- _DATASET EXTRACT_:

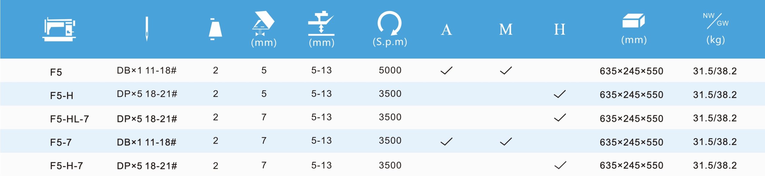 Heavy-duty configuration: needle system DP×5 (18–21#) for heavy fabrics.
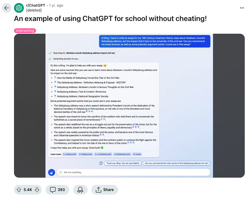 While it’s easy to jump to negative conclusions about how AI might impact education, there are plenty of positive ways it can be used to facilitate learning. And these are often celebrated online, for example in this thread about using ChatGPT for information on sources and argument points.
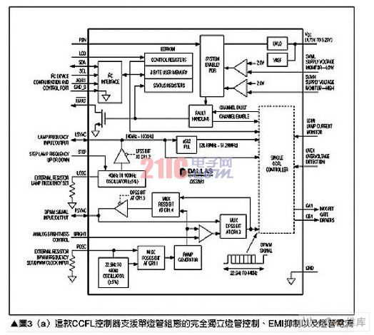 传统上LCD面板使用CCFL灯管作为背光源,主要是这项技术拥有良好效率、低温以及高照明能力等优势,虽然CCFL控制器在非汽车类应用中,例如液晶电视或液晶显示器上相当成功,但汽车的工作环境却对这项技术带来特殊的挑战与要求,为了让元件数减少,CCFL控制器必须包含包括如EMI抑制、灯管电流过度驱动(overdrive)能力,以及将接脚数降到最低的串行控制接口、各信道灯管失效监测、灯管频率与DPWM控制用精确内建振荡电路以及其它功能等,这类解决方案有美信(Maxim)公司的DS3881,请参考图3(a),其只需少许的外加电路,就能够组合出完整的CCFL电源控制子系统,请参考图3(b)。DS3881主要针对汽车应用环境进行最佳化设计,由于所采用的基础电路组态,因此外部晶体管、变压器以及灯管本身就形成了EMI的噪声来源,DS3881通过使用展频与频率偏移技术来降低EMI发射,并将任何未移除噪声移到非关键频带来解决这个问题。
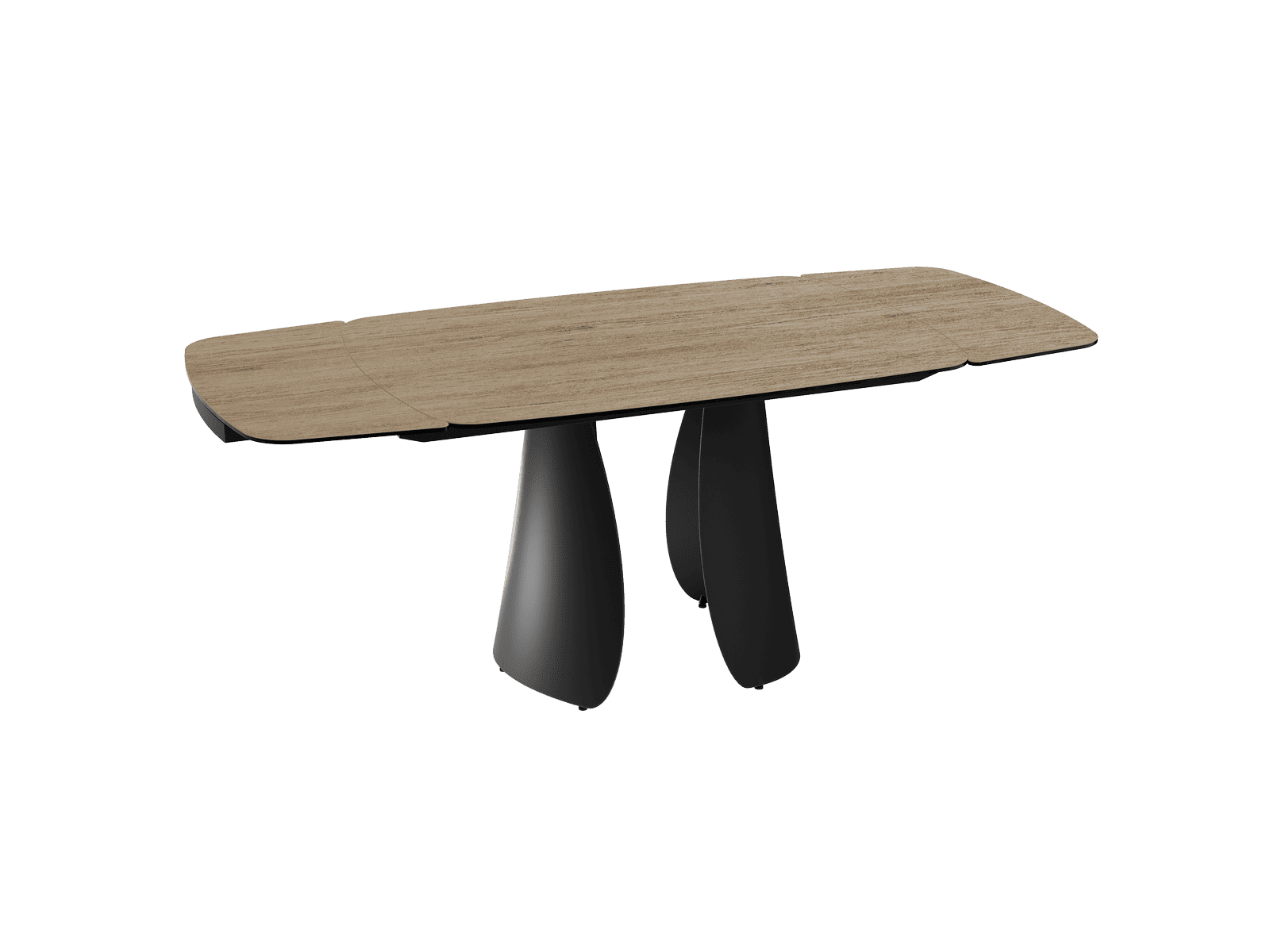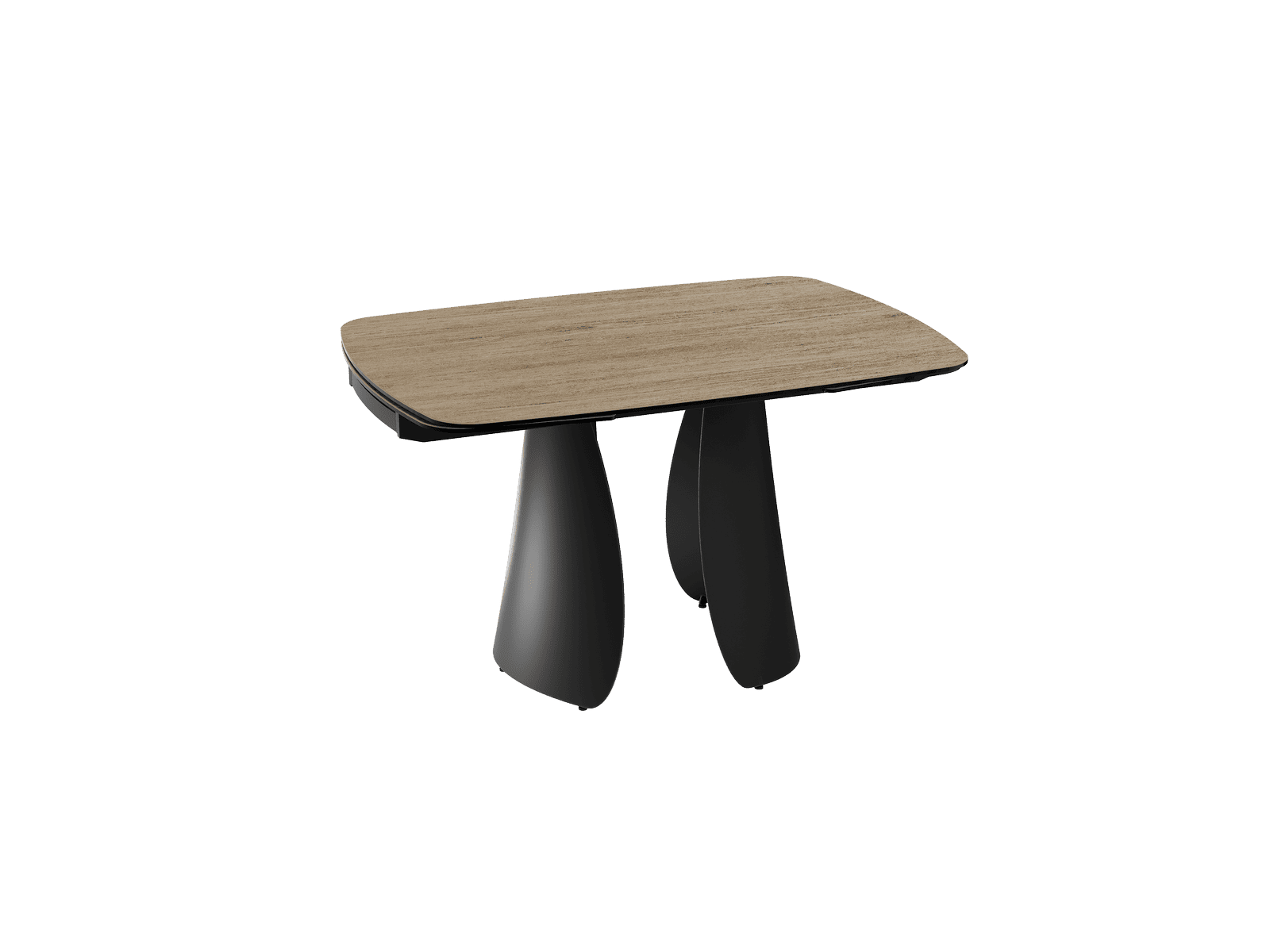 Dimensions and details Net weight : 104 Kg Colour : Clear oak Dimensions : 130/200 x 100 x 76 cm Dimensions closed : 130 x 100 x 76 cm Dimensions opened : 200 x 100 x 76 cm Number of seats : 6 to 8 people Legs : Matt black lacquered steel Plate : 3 mm thick ceramic glued upon a 8 mm glass pane Extension

- _WORK REQUEST_: Any picture in the listing is to be omitted. Return exactly the lines from the one containing "While it’s easy" through its last line, both included, and only those.

- _ANSWER SECTION_:
 While it’s easy to jump to negative conclusions about how AI might impact education, there are plenty of positive ways it can be used to facilitate learning. And these are often celebrated online, for example in this thread about using ChatGPT for information on sources and argument points.
 传统上LCD面板使用CCFL灯管作为背光源,主要是这项技术拥有良好效率、低温以及高照明能力等优势,虽然CCFL控制器在非汽车类应用中,例如液晶电视或液晶显示器上相当成功,但汽车的工作环境却对这项技术带来特殊的挑战与要求,为了让元件数减少,CCFL控制器必须包含包括如EMI抑制、灯管电流过度驱动(overdrive)能力,以及将接脚数降到最低的串行控制接口、各信道灯管失效监测、灯管频率与DPWM控制用精确内建振荡电路以及其它功能等,这类解决方案有美信(Maxim)公司的DS3881,请参考图3(a),其只需少许的外加电路,就能够组合出完整的CCFL电源控制子系统,请参考图3(b)。DS3881主要针对汽车应用环境进行最佳化设计,由于所采用的基础电路组态,因此外部晶体管、变压器以及灯管本身就形成了EMI的噪声来源,DS3881通过使用展频与频率偏移技术来降低EMI发射,并将任何未移除噪声移到非关键频带来解决这个问题。
 Dimensions and details Net weight : 104 Kg Colour : Clear oak Dimensions : 130/200 x 100 x 76 cm Dimensions closed : 130 x 100 x 76 cm Dimensions opened : 200 x 100 x 76 cm Number of seats : 6 to 8 people Legs : Matt black lacquered steel Plate : 3 mm thick ceramic glued upon a 8 mm glass pane Extension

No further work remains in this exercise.